* [Records]:

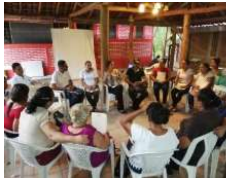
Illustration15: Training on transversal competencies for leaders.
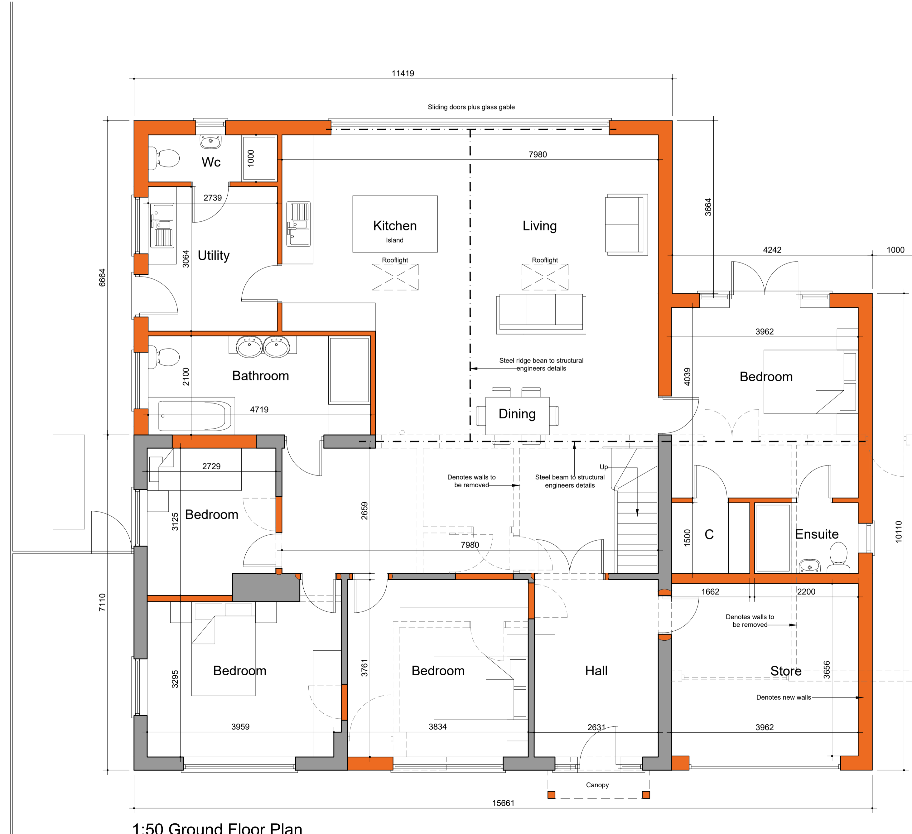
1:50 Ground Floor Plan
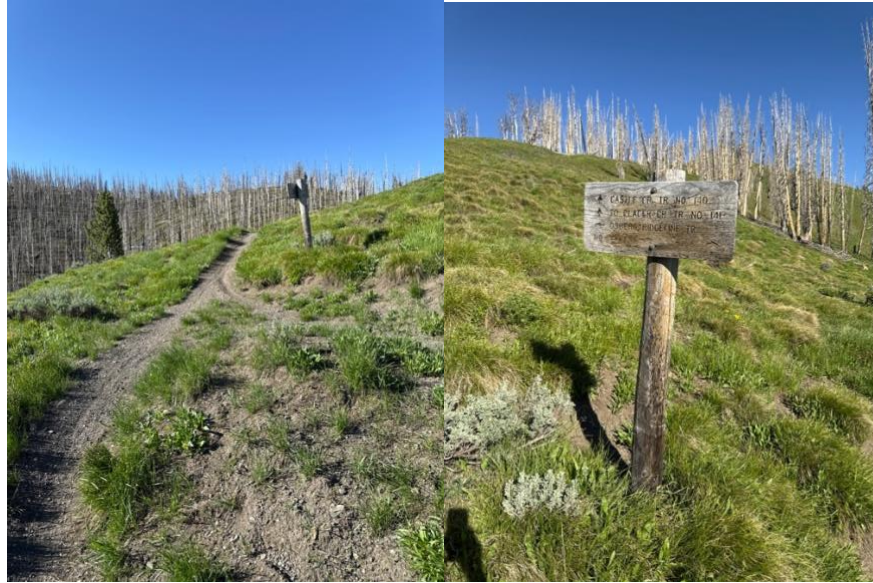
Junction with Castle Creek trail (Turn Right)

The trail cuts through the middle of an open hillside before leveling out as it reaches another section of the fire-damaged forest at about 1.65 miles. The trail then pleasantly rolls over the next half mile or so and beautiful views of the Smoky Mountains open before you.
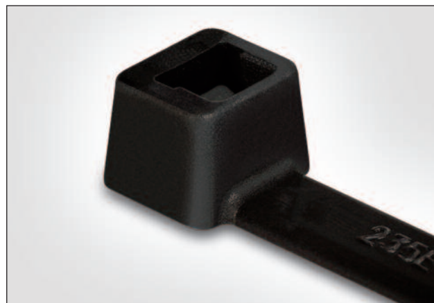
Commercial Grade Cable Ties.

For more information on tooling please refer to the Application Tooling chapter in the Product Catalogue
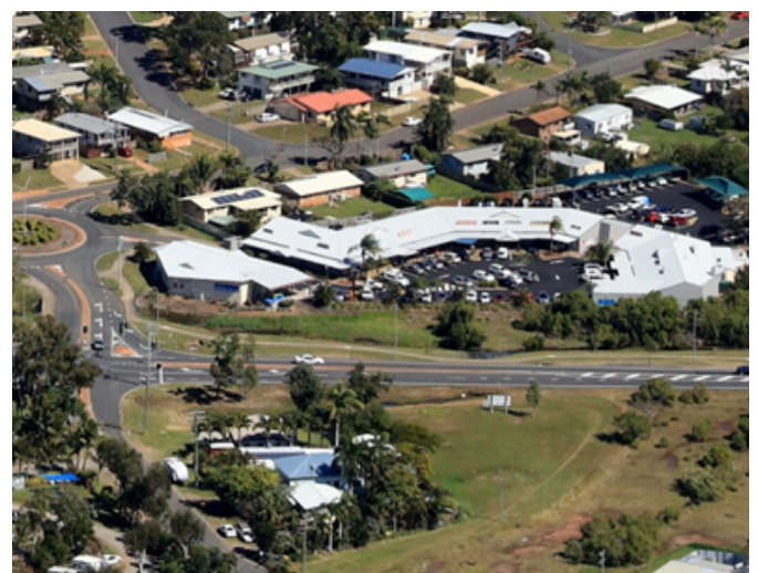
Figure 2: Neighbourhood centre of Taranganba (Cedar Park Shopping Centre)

* [Your objective]: Copy out all the entries exactly. Images stay out of the copy.

* [Answer for this exercise]:
Illustration15: Training on transversal competencies for leaders.
1:50 Ground Floor Plan
Junction with Castle Creek trail (Turn Right)

The trail cuts through the middle of an open hillside before leveling out as it reaches another section of the fire-damaged forest at about 1.65 miles. The trail then pleasantly rolls over the next half mile or so and beautiful views of the Smoky Mountains open before you.
Commercial Grade Cable Ties.

For more information on tooling please refer to the Application Tooling chapter in the Product Catalogue
Figure 2: Neighbourhood centre of Taranganba (Cedar Park Shopping Centre)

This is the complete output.